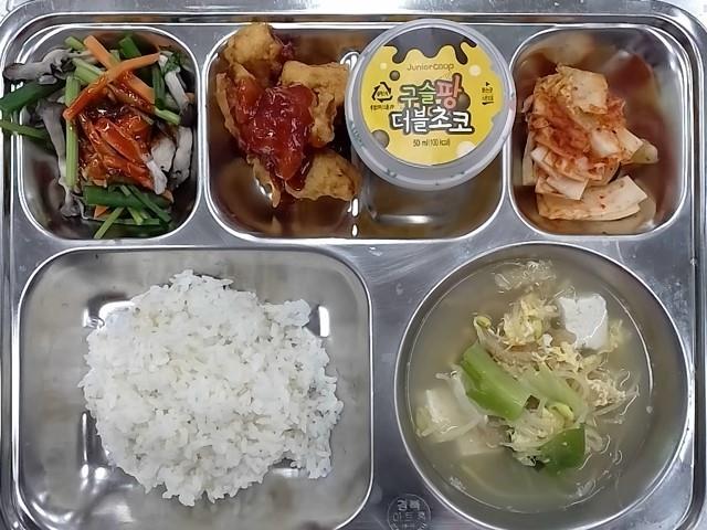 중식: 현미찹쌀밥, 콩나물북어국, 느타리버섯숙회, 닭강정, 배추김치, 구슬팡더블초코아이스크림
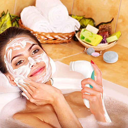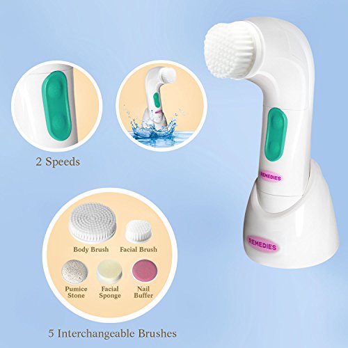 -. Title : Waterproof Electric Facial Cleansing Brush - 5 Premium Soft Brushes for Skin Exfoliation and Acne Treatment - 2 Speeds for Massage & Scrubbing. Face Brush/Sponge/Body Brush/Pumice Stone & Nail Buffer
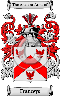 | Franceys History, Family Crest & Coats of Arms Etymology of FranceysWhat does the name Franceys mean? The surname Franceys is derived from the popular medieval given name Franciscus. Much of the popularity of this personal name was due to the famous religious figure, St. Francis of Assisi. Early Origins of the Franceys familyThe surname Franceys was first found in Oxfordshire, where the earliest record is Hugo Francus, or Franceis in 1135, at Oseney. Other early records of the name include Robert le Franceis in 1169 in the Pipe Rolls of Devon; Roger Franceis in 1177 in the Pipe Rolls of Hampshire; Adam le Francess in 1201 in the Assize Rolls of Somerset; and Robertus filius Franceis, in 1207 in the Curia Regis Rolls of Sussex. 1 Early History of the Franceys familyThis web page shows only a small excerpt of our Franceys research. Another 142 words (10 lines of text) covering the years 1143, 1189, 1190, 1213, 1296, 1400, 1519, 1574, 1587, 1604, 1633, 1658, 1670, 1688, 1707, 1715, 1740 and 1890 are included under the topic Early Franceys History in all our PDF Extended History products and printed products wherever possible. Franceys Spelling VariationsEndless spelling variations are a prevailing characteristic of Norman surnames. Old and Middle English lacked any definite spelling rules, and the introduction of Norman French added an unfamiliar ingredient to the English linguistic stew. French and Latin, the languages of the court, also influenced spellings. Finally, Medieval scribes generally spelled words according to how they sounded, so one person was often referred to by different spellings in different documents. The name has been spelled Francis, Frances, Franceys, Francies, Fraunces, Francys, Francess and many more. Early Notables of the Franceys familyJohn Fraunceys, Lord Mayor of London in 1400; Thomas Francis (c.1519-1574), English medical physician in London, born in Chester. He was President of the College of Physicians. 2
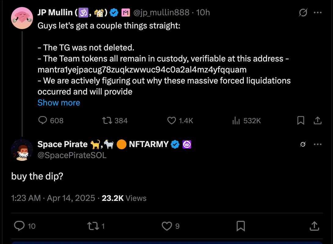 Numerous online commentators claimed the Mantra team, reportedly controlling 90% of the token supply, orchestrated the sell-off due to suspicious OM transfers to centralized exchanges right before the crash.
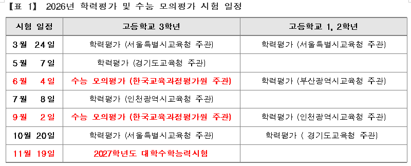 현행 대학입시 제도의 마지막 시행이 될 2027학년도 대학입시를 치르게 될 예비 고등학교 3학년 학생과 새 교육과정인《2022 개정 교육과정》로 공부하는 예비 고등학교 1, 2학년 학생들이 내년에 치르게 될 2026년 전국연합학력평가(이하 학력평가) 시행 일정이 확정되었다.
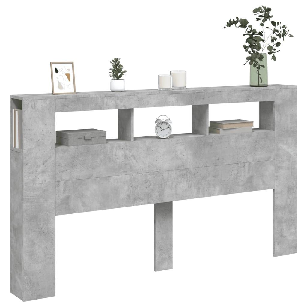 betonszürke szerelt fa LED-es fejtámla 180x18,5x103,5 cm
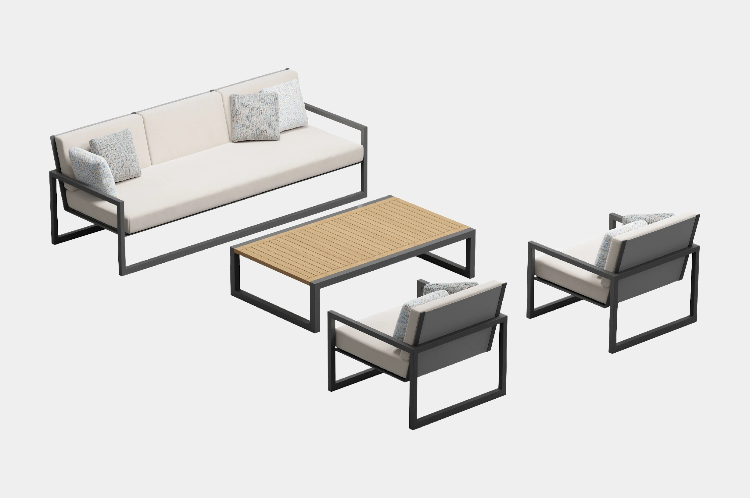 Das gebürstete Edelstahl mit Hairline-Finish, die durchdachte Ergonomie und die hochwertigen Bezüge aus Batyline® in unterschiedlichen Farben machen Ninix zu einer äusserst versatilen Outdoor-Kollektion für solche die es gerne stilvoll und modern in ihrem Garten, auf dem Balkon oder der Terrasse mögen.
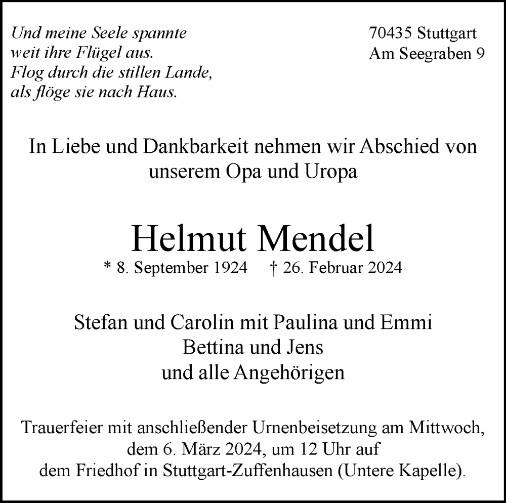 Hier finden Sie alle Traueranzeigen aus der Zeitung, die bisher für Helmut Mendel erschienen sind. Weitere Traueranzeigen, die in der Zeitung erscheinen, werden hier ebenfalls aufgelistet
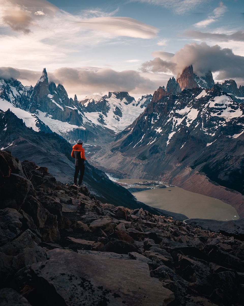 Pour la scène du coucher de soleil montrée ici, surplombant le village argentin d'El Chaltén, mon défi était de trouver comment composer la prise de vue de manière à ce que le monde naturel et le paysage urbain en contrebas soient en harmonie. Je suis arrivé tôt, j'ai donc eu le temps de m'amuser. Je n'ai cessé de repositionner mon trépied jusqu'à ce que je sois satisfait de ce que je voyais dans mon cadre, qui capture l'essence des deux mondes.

########

→ **Problem details**:
Starting with the first line of the data above, write out each line exactly up to and including the line that holds "-. Title : Waterproof". Pictures stay out.

→ **Answer box**:
 중식: 현미찹쌀밥, 콩나물북어국, 느타리버섯숙회, 닭강정, 배추김치, 구슬팡더블초코아이스크림
 -. Title : Waterproof Electric Facial Cleansing Brush - 5 Premium Soft Brushes for Skin Exfoliation and Acne Treatment - 2 Speeds for Massage & Scrubbing. Face Brush/Sponge/Body Brush/Pumice Stone & Nail Buffer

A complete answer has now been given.